The person had previously repaired and restored bicycles and had bought out what we think was an old bike shop.
Just to give you an idea, see pics below.
Steve K


----------



## vintage2wheel (Apr 15, 2012)

*Nice find*

Now that's a good score thanks for sharing.


----------



## mruiz (Apr 15, 2012)

vintage2wheel said:


> ITS THAT TIME AGAIN... what schwinns AND schwinn/parts did we find/RESCUE/THIS WEEK...
> 
> not much for me this week just a badge i did not have in my collection
> 
> show us what you gotView attachment 48822




 I need that badge for my bike.

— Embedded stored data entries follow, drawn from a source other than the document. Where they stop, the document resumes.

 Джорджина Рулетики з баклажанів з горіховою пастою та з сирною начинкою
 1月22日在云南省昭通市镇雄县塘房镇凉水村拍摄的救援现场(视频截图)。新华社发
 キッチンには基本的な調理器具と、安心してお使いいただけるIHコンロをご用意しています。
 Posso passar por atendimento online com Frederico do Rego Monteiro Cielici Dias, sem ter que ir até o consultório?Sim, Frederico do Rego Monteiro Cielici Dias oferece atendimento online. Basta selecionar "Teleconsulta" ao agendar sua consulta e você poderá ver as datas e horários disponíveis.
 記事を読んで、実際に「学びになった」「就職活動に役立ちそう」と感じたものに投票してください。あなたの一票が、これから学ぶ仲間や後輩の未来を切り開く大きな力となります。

I will trade you for a brass wester flyer. like this one.


 Mitch


----------



## vintage2wheel (Apr 15, 2012)

*only one*

i only collect schwinn badges and i only have this one i will try to track down one for you they made 3 oval like this one sheild type regular and sheild type footed


----------



## Buster1 (Apr 15, 2012)

Just won this on The Bay for (what I thought) was a great price!! Something fun to have for my kids or any other kids that happen to want to ride with us!


----------



## jcopello (Apr 15, 2012)

I know this is a repop, but does anyone have any more info about this one? having a hard time finding anything on it. 

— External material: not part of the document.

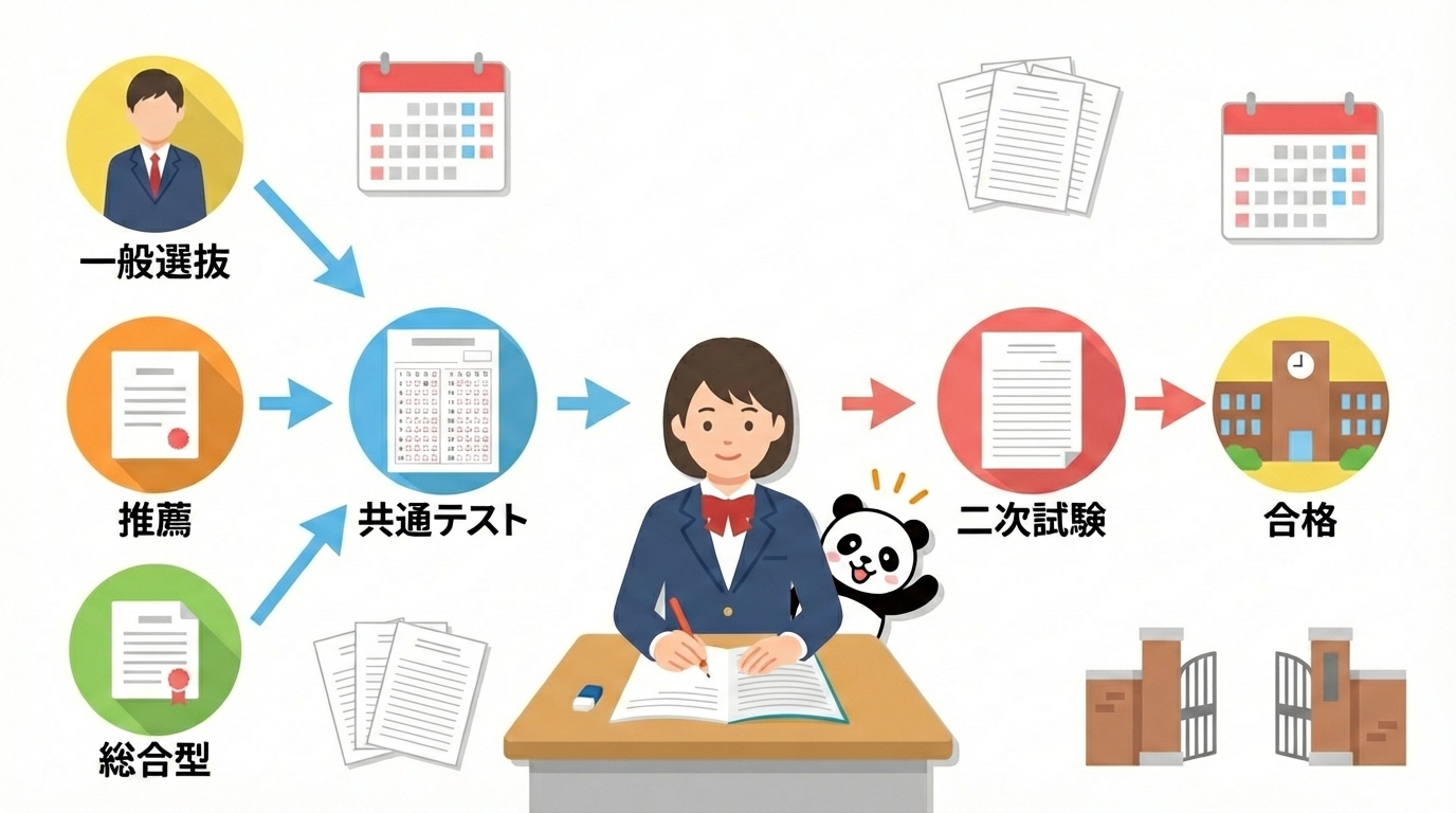 この記事では、大学受験の仕組みをわかりやすく整理しつつ、「自分は何を・いつ・どの順番で準備すればいいか」が見えるようにまとめます。

http://i1190.photobucket.com/albums/z448/JamesCopello/craigslist/2012-04-15_18-37-28_116.jpg
http://i1190.photobucket.com/albums/z448/JamesCopello/craigslist/2012-04-15_21-54-18_40.jpg
http://i1190.photobucket.com/albums/z448/JamesCopello/craigslist/2012-04-15_21-54-30_889.jpg
http://i1190.photobucket.com/albums/z448/JamesCopello/craigslist/2012-04-15_21-54-58_838.jpg
http://i1190.photobucket.com/albums/z448/JamesCopello/craigslist/2012-04-15_21-54-04_611.jpg


----------



## King Bongo (Apr 16, 2012)

Steve K said:


> Tony P,(tpender on TheCABE) and I picked up a few Schwinns and Schwinn related parts last night and unloaded them this morning. A Cycletruck frame, wheels, basket fenders and sprocket, a primed strait bar Schwinn, an Apple Krate, some other Krate parts, a Typhoon, some seats and a boat load of other Schwinn and non-Schwinn parts. Too much stuff to count.
> The person had previously repaired and restored bicycles and had bought out what we think was an old bike shop.
> Just to give you an idea, see pics below.
> Steve K




NIce haul, I'd like to see more pics as you are sifting through what you have!


----------



## cyclebuster (Apr 16, 2012)

64 schwinn hollywood, faded, nice white S7s new tires, parts bike


----------



## cyclebuster (Apr 16, 2012)

thats just some HD stickers on a schwinn repaint. IMHO. hope your not into it over $150


----------



## jcopello (Apr 16, 2012)

cyclebuster said:


> thats just some HD stickers on a schwinn repaint. IMHO. hope your not into it over $150




just a little more than that. You think with a set of black fenders and a luggage rack this would be worth a decent amount to someone? or its best to part it out?


----------